Seeds are set according to the IndoBERT paper (https://arxiv.org/pdf/2009.05387)

In [4]:
# set random seeds
seed = 42
random.seed(seed)
torch.manual_seed(seed)

<torch._C.Generator at 0x7f686936c5f0>

# 0. Set Up and Mount Google Drive

To run this notebook, please do the following first:
1. Create a folder called `NLP` in your own Google Drive.
2. Copy everything from the following link (https://drive.google.com/drive/folders/1prXBSo990_33GJbsntehgl-FFSPeX7EB?usp=sharing) into your `NLP` folder. Make sure that the folder structure remains unchanged.
3. Mount your Google Drive into Colab.

# 1. Download the Transformer

In [5]:
transformer_url: str = "indobenchmark/indobert-base-p2"
tokenizer: PreTrainedTokenizer = AutoTokenizer.from_pretrained(transformer_url)
transformer: PreTrainedModel = AutoModel.from_pretrained(transformer_url).to(CUDA)

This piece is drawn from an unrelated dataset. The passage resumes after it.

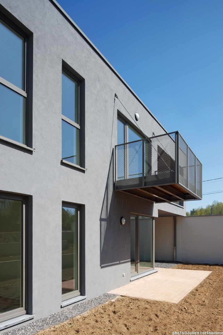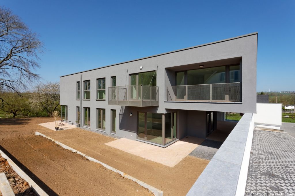Le rez-de-chaussée est habillé par une couche d’enduit de couleur gris clair appliquée sur isolant, tandis que le premier étage est de couleur gris plus foncé. Toutes les toitures sont des toitures vertes extensives. Les châssis sont en aluminium, avec un double vitrage. Les performances énergétiques se traduisent par une utilisation parcimonieuse du sol et une attention particulière portée à la mobilité. Le terrain a été également été utilisé de manière optimale tout en laissant une large zone verte commune en fond de parcelle. A l’extérieur, des aménagements tels que des rangements pour vélos favorisent la mobilité douce. La récupération de l’eau de pluie est assurée par des citernes tandis que les toitures vertes sont utilisées comme tampon avant la récupération de l’eau dans la citerne et son rejet vers le réseau public. Les citernes d’eau de pluie et toitures vertes ont aussi été prévues pour lutter contre la surcharge du réseau d’égouttage existant. Enfin, un maximum de zones vertes et revêtements de sol perméables ont été aménagés.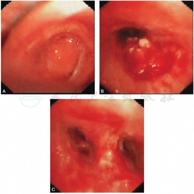 1.支气管镜下氩气刀结合电圈套治疗(图3) 患者左主支气管新生物通过镜下治疗后左肺上叶及下叶8、9、10段开口显露,亚段通畅,下叶背段仍有新生物,但患者后期难以耐受治疗故终止。切割组织再次送检病理。

# 2. Load and Examine the Data

In this section, we will:
- load the training and testing data,
- determine what kinds of data preprocessings are we going to do,
- store the data as PyTorch `Dataset` objects,
- prepare `DataLoader`s for each `Dataset`.

## 2.1. Load the Data

*To load the data, you need mount your Google Drive into Colab.*

The file `train.csv` is our training data, while `test.csv` is our testing data. Also, classification labels are stored separately in the file `labels.txt`.

We will load all 3 files.

In [6]:
train_df: DataFrame = read_csv("/content/drive/MyDrive/NLP/data_worthcheck/train.csv", index_col=0)
test_df: DataFrame = read_csv("/content/drive/MyDrive/NLP/data_worthcheck/test.csv")
with open("/content/drive/MyDrive/NLP/data_worthcheck/labels.txt") as f:
    labels: list = f.readlines()
labels: ndarray = asarray([line.rstrip("\n") for line in labels])

In [7]:
train_df

Unnamed: 0,text_a,label
0,betewe buka twitter cuman ngetweet liat home b...,no
1,mas piyuuu mugo2 corona tuh mulut tersumpal ma...,no
2,e100ss gini buka informasi sejelas nya identit...,yes
3,neng solo wes ono terduga corona cobo neng ati...,no
4,midiahn nii akun gak takut takut nya isu coron...,no
...,...,...
21596,depok panas ga karuan kereta sampe pasming huj...,no
21597,oxfara arie kriting yg lebi goblo nya orang ke...,no
21598,virus corona menyaba depok cuci tangan makan n...,no
21599,mata sipit tinggal depok udah abis dah bahan c...,no


In [8]:
test_df

Unnamed: 0,text_a,label
0,jek dajal ga depok bang,no
1,detikcom untung depok masuk wilayah nya ridwan...,no
2,df dom jakarta depok yg gunain vc cabang nya c...,no
3,your2rl depok jkt,no
4,doakan indonesia selamat virus corona pkb depo...,yes
...,...,...
2795,ku tenang2 bae ku sih ya corona nya ga depok k...,no
2796,guru hati hati ya virus corona uda indonesia t...,yes
2797,4 terawan menyebut virus corona indonesia terd...,yes
2798,realffk buhari can t pronounce corona virus,no


In [9]:
labels

array(['no', 'yes'], dtype='<U3')

## 2.2. Determine What Kinds of Data Preprocessings Are We Going To Do

### 2.2.1. Encode labels

The labels are 'no' and 'yes'. We will encode 'no' as 0, and 'yes' as 1.

In [10]:
def encode_label(labels, label) -> int:
    return nonzero(labels == label)[0][0]

In [11]:
for label in labels:
    print(f"- {label} -> {encode_label(labels, label)}")

- no -> 0
- yes -> 1


Perfect.

### 2.2.2. Tokenized Text Truncation/Padding

Next, we need to know the max length of our **tokenized** texts.

In [12]:
print("Longest tokenized text length:")
print(f"- train.csv: {train_df['text_a'].map(lambda x: tokenizer(x, return_tensors='pt').input_ids.size()[1]).max()} tokens")
print(f"- test.csv: {test_df['text_a'].map(lambda x: tokenizer(x, return_tensors='pt').input_ids.size()[1]).max()} tokens")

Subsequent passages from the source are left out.